A one-shot query passes through Active → Waiting → Done in seconds. A complex
project cycles through these states over hours, bounded by the per-task turn cap
(90 by default; Chapter 1) — a runaway loop terminates rather than silently
consuming credits.

### Long-running sessions

For tasks lasting more than a few minutes, use an interactive session, which
keeps context alive across turns. For tasks lasting hours, run them in the
background: `/background <prompt>` (aliases `/bg`, `/btw`) runs the prompt in a
separate session and reports results when finished.

### Context management

Every LLM has a finite context window. As a conversation grows, the model
degrades — it repeats itself, loses earlier detail, stops noticing the obvious —
without announcing it.

- **Under roughly two hours of active conversation:** built-in compression
  triggers automatically near the limit. It is conservative, so do not rely on
  it immediately before a critical decision.
- **Over roughly two hours:** run `/compress` deliberately, at a natural
  stopping point.
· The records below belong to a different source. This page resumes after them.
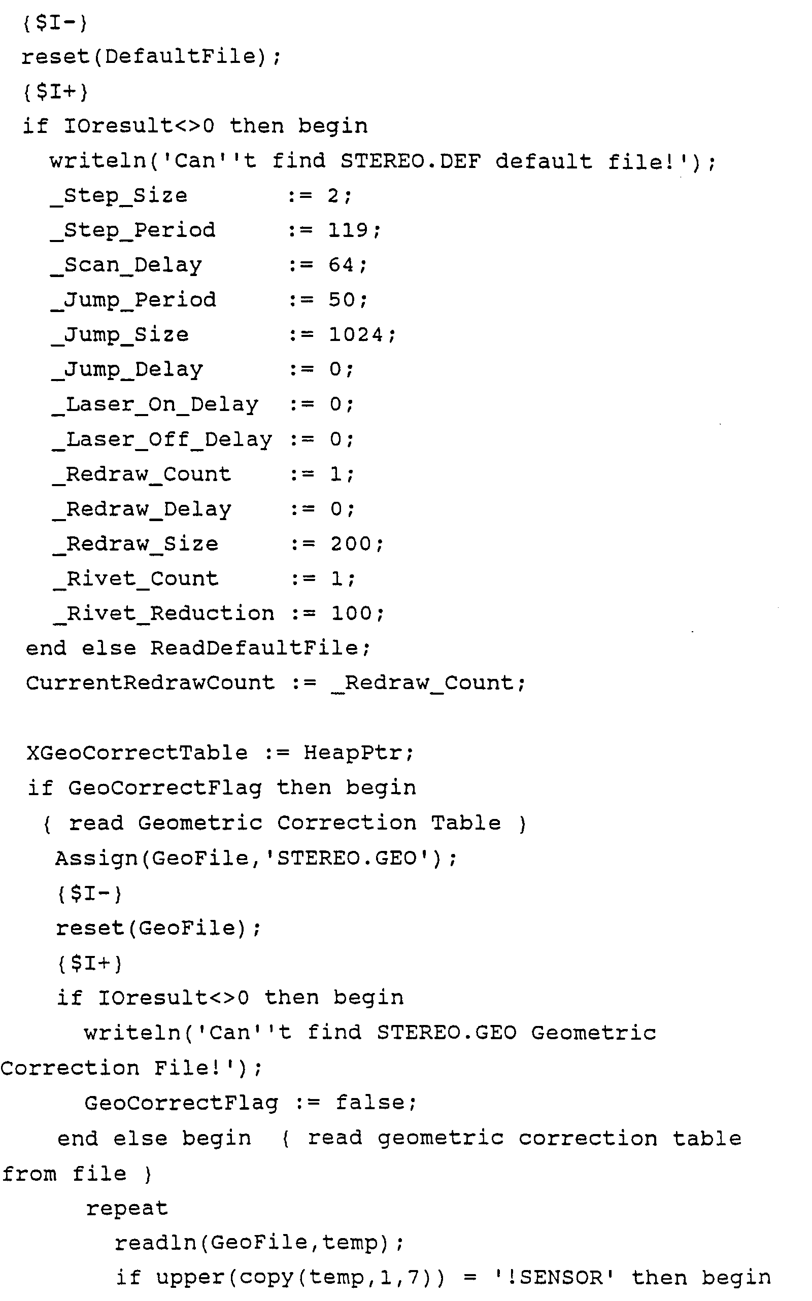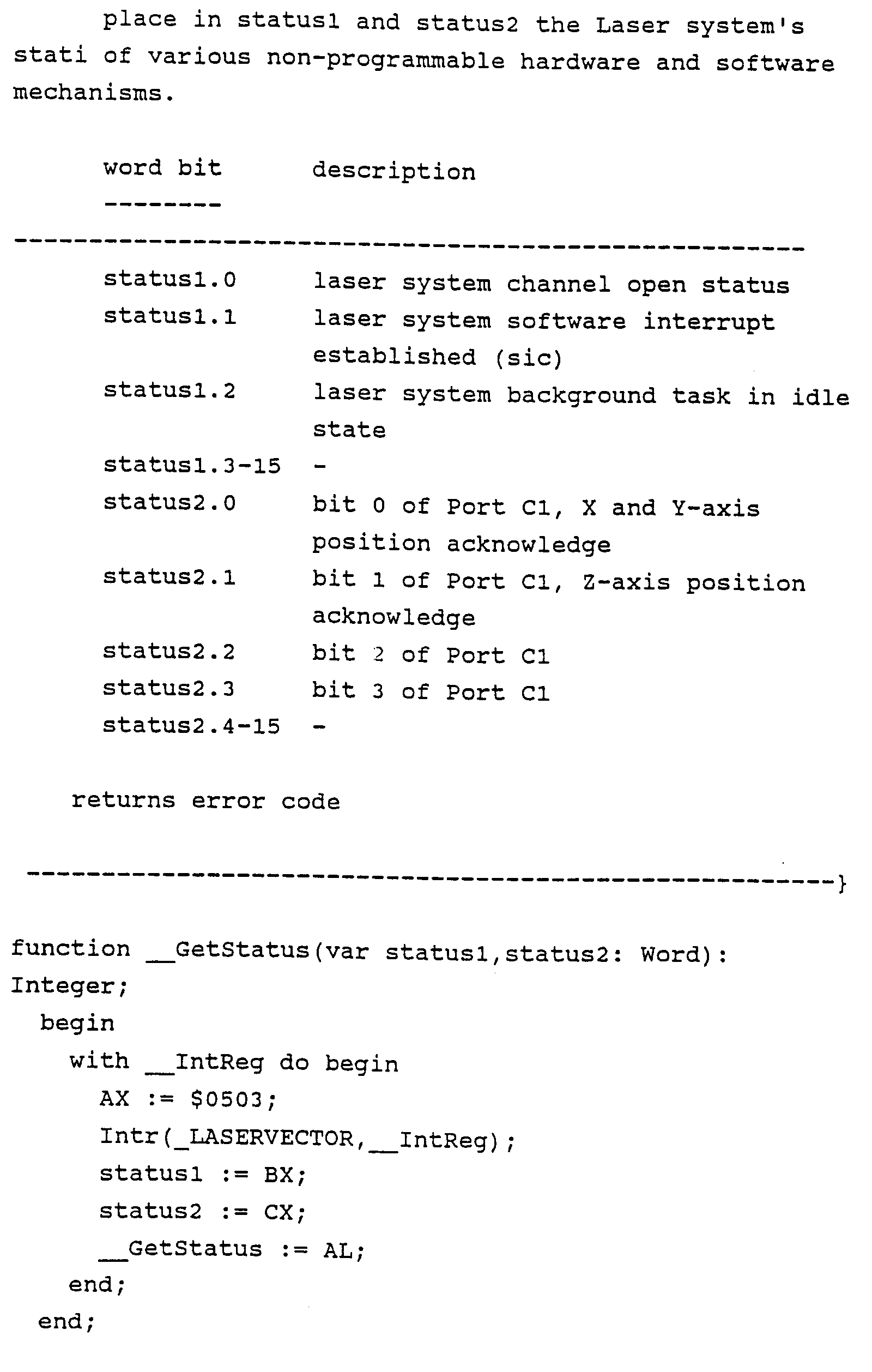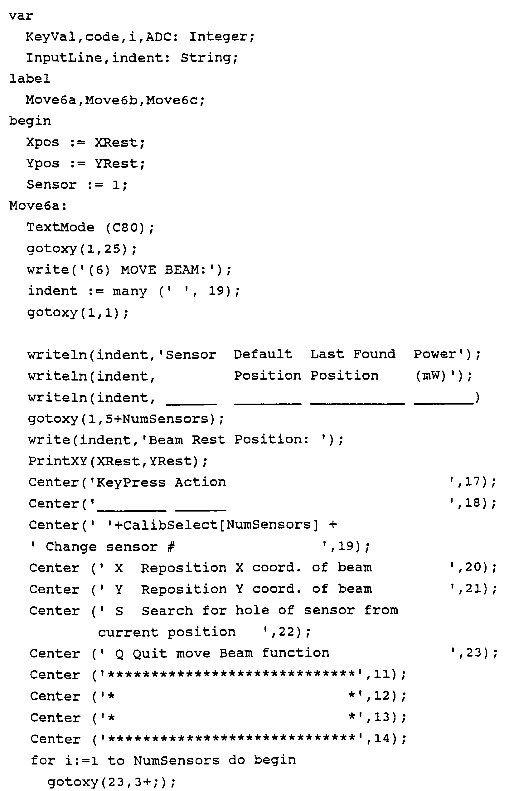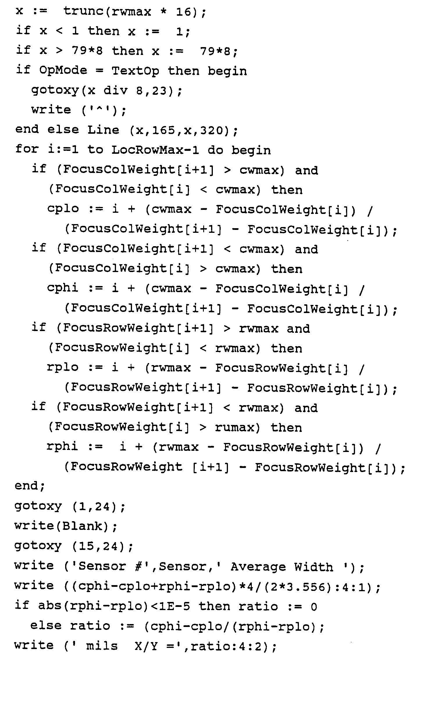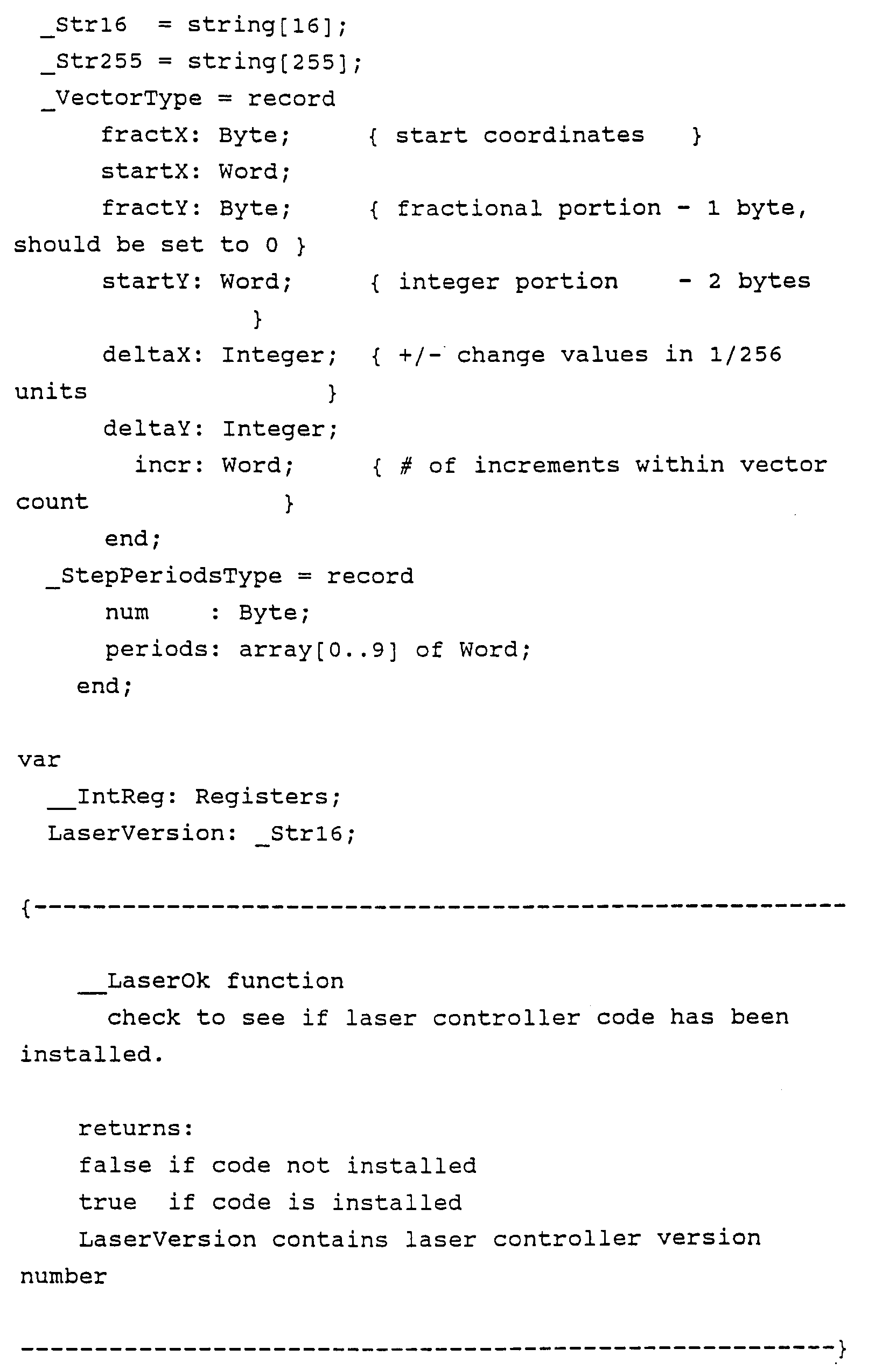 The Pascal function below is a sample for computing the values of the drift correction variables. The 'Ref' variables are the reference positions of the two beam profile sensors read from the disk data file. The 'Now' variables are the most recently determined positions of the two profile sensors. Because of dynamic changes in the physical characteristics of the laser scanning system, the positions held in the 'Now' variables will differ slightly from the ideal reference positions. The goal is to use these position differences to adjust upcoming mirror positions.
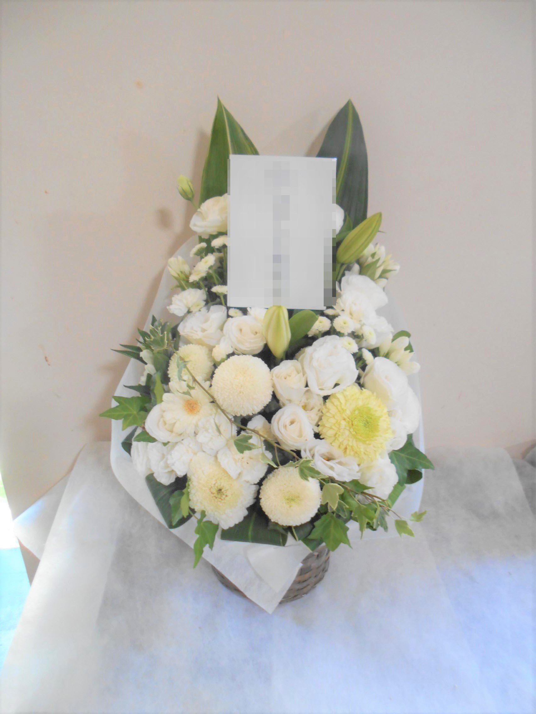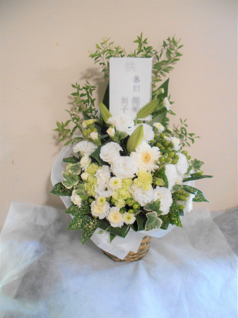 お悔やみ お供えの花 供花 (ホワイト&グリーンを基調にしたバスケットアレンジ)
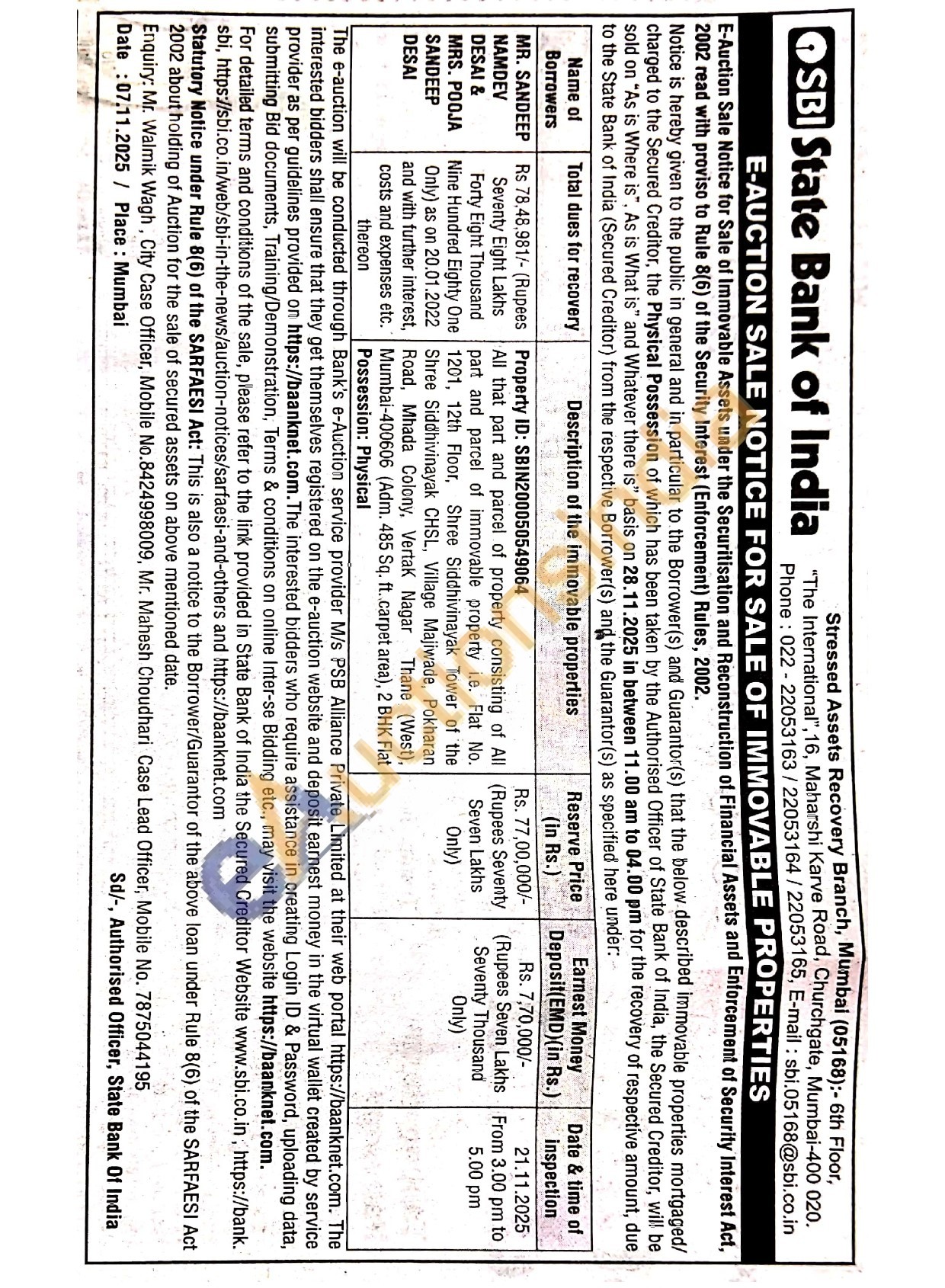All that part and parcel of property consisting of All part and parcel of immovable property i.e. Flat No. 1201, 12th Floor, Shree Siddhivinayak Tower of the Shree Siddhivinayak CHSL, Village Majiwade, Pokharan Road, Mhada Colony, Vertak Nagar Thane (West), Mumbai-400606 (Adm. 485 Sq. ft..carpet area), 2 BHK Flat
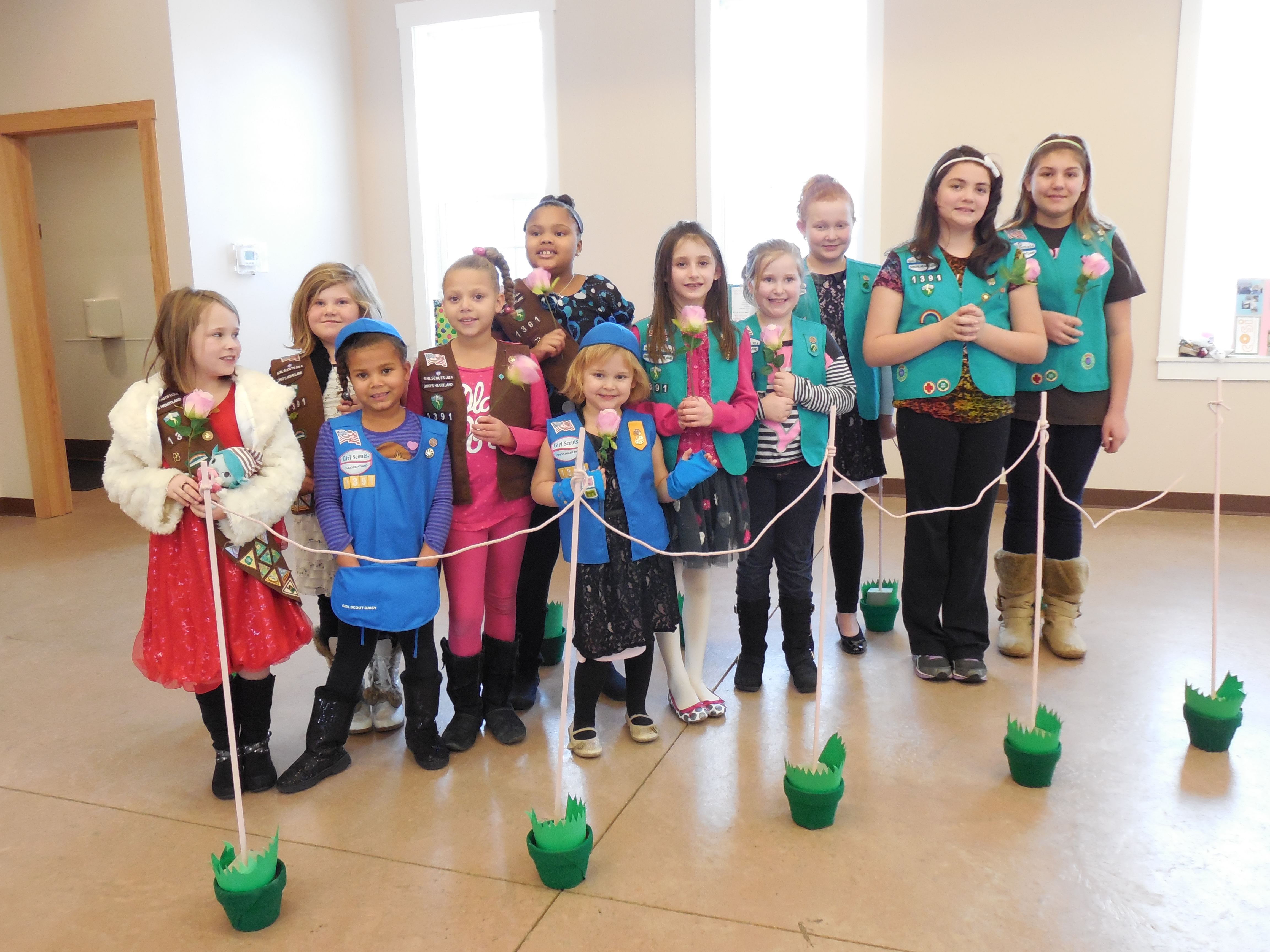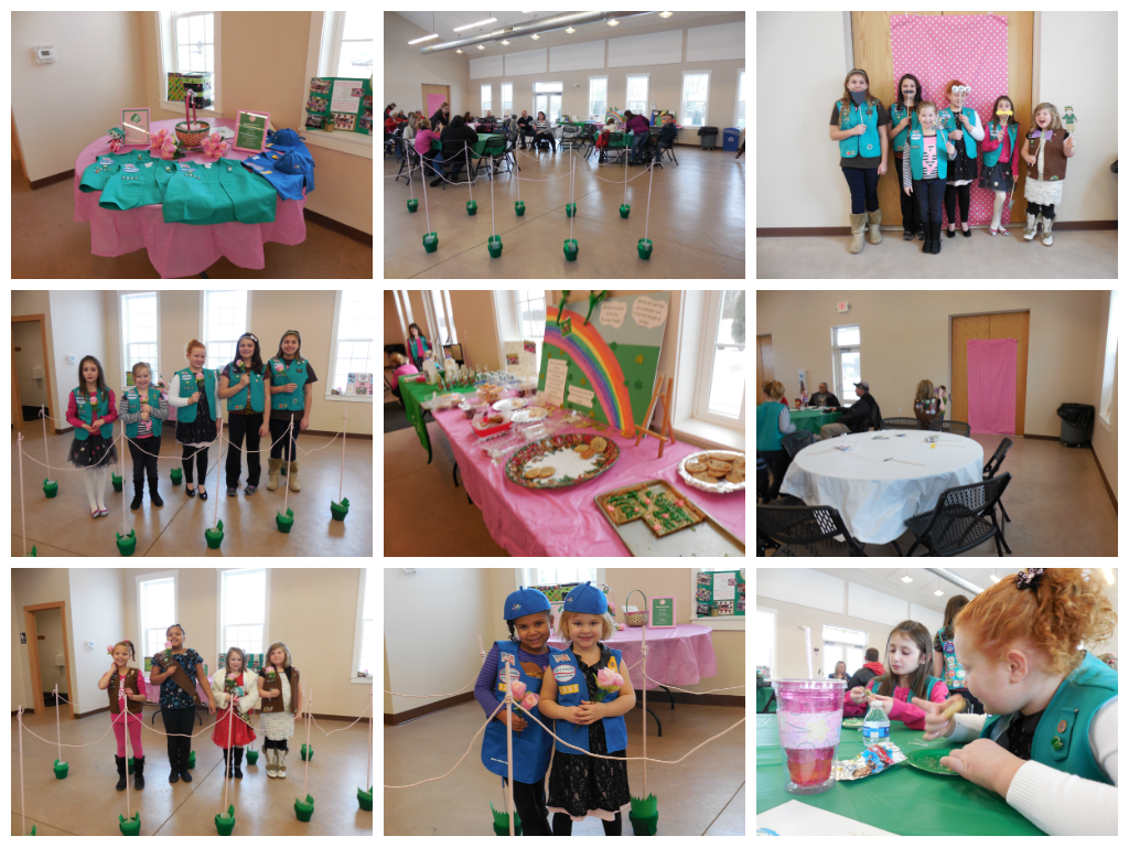 We used all green, pink and white table clothes to match then I used Bird’s creations to make photo blocks (from Oriental Trading Co) I used her print out for two sides, used the same pink, green and white card stock and printed out our girls names and the occasion for the other two sides, added ribbon and that is what was used as center pieces.  I had taken pictures when the weather was nice and we were meeting at the park, (our Daisies got their own since they were not in the troop yet) so we added those and that was the take home gift.

Compression summarizes the history and replaces it; the
  original detail is lost, so compress at a milestone, not at a crisis.
  `/compress <focus topic>` narrows what is preserved. `/usage` shows where the
  session stands.
- **Multi-day projects:** do not keep one session alive for days. End each
  session by writing a checkpoint file (`/background Write current progress and
  next steps to ~/checkpoint.md`) and read it back next session. A
  human-readable checkpoint survives any crash; a compressed summary of hundreds
  of exchanges is still lossy.

### Filesystem checkpoints and rollback

For file-editing work, starting a session with `--checkpoints` causes Hermes to
snapshot files before destructive changes. In-session, `/rollback` lists and
restores those snapshots; `hermes checkpoints` manages the store. This is an
undo mechanism for autonomous edits, independent of git.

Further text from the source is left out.